Thyroid Nodule Diagnosis: Tests and Screening Procedures (part I)
Did you notice a lump in your neck? If yes, chances are you may have developed a thyroid nodule, which is an abnormal growth of thyroid cells that forms a lump within the thyroid gland. Generally, thyroid nodules are benign, but a small proportion is cancerous and needs timely treatment to stop it from spreading. As it doesn’t cause any symptoms, the only way to detect these cells early is to take an evaluation test. Learn all the common tests that are used to diagnose thyroid nodules in this series of 2 articles.
Thyroid nodule diagnosis
If your doctor notices a lump or nodule in your neck, the doctor recommends tests to determine if a thyroid nodule is benign or malignant (cancerous) to plan your future treatment options. However, not every person with a thyroid nodule needs all of these tests.
Here are types of thyroid nodule tests the doctor may use to diagnose your thyroid nodule type and cause, including:
- Physical examination:
In physical examination, your doctor examines your neck, thyroid gland, throat, and lymph nodes (its small bean-shaped organs that fight infection) in the neck for unusual growth or swelling. Your doctor also looks for the signs and symptoms of hyperthyroidism such as tremors, overly active reflexes, and a rapid or irregular heartbeat. Doctors may also check the signs and symptoms of hypothyroidism such as slow heartbeat, dry skin, and facial swelling.
- Blood tests:
Doctors use several blood tests to diagnose or monitor a patient’s condition before and after treatment. These tests are called tumor marker tests. If tumor markers are found at higher-than-normal levels in the blood, urine, or body tissues of some people with cancer. Blood testing may include:
- Thyroid hormone levels: The doctor uses blood tests to check the levels of thyroid hormones including triiodothyronine (T3) and thyroxine (T4) in the body.
- Thyroid-stimulating hormone (TSH): This blood test is used to measure the level of TSH, a thyroid hormone produced by the pituitary gland to stimulate other thyroid hormone production.
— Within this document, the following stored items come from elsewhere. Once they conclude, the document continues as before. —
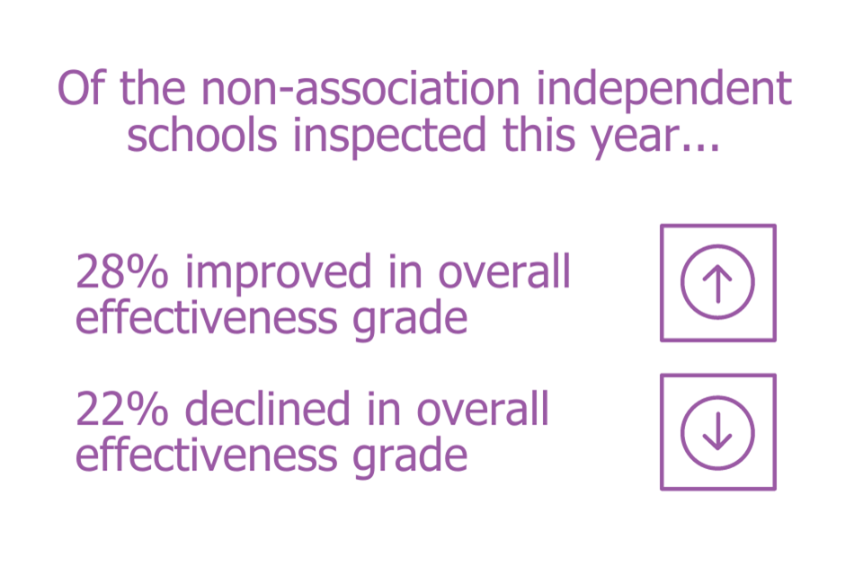 It is important to note that independent schools are inspected on a 3-year cycle. Weaker schools tend to be inspected earlier because we normally inspect schools that are judged requires improvement or inadequate within 2 years. The group of schools for which we are responsible for inspecting has also changed year to year. This means that inspection outcomes in any given year may not be representative of all non-association independent schools.
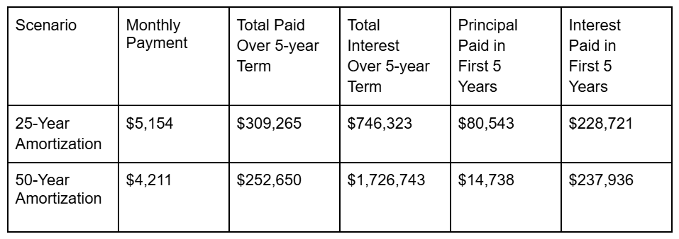 The 50-year amortization trims the monthly payment by about $943 compared to the 25-year option. Over the full term, the 50-year structure costs roughly $980,000 more in total interest.
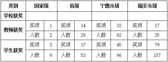 学校现有教职工234人,其中高、中级职称教师100人,特级教师1人,省级名校长培养人1人,省级名师培养人1人,省级专业带头人2人,省职业院校教学创新团队1个,省名班主任工作室1个,宁德市名师(含培养人)4人,宁德市学科(专业)带头人(含培养人)16人,宁德市骨干教师36人。
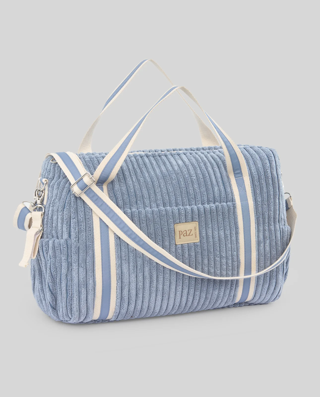 Bolsa bandolera de tamaño medio de pana ancha, lleva dos asas de mano y un asa bandolera, es ideal para colgar en la silla del bebé.
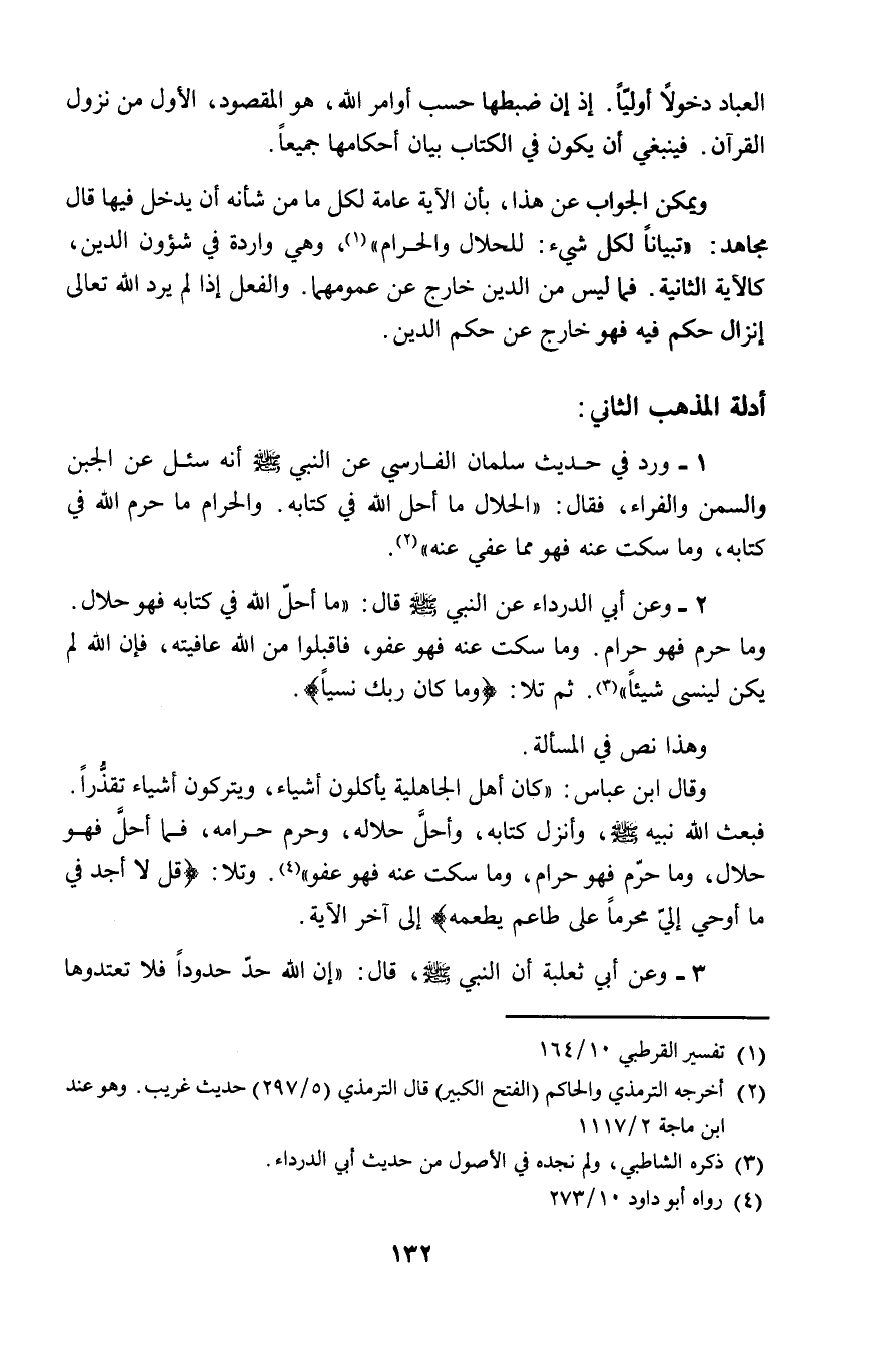 ١ - ورد في حديث سلمان الفارسي عن النبي - صلى الله عليه وسلم - أنه سئل عن الجبن والسمن والفراء، فقال: "الحلال ما أحل الله في كتابه. والحرام ما حرم الله في كتابه، وما سكت عنه فهو مما عفي عنه" (٢).

- Tg and TgAb: Thyroglobulin (Tg) is a protein produced naturally by the thyroid gland. If high levels are detected, then chances are you have thyroid cancer. A tumor marker test may be done to measure the body’s Tg level before, during, and after treatment. Additionally, there’s also a test for thyroglobulin antibodies (TgAb), which are proteins produced by the body to attack thyroglobulin found in some patients. If TgAB is detected, it will interfere with the results of the Tg level test.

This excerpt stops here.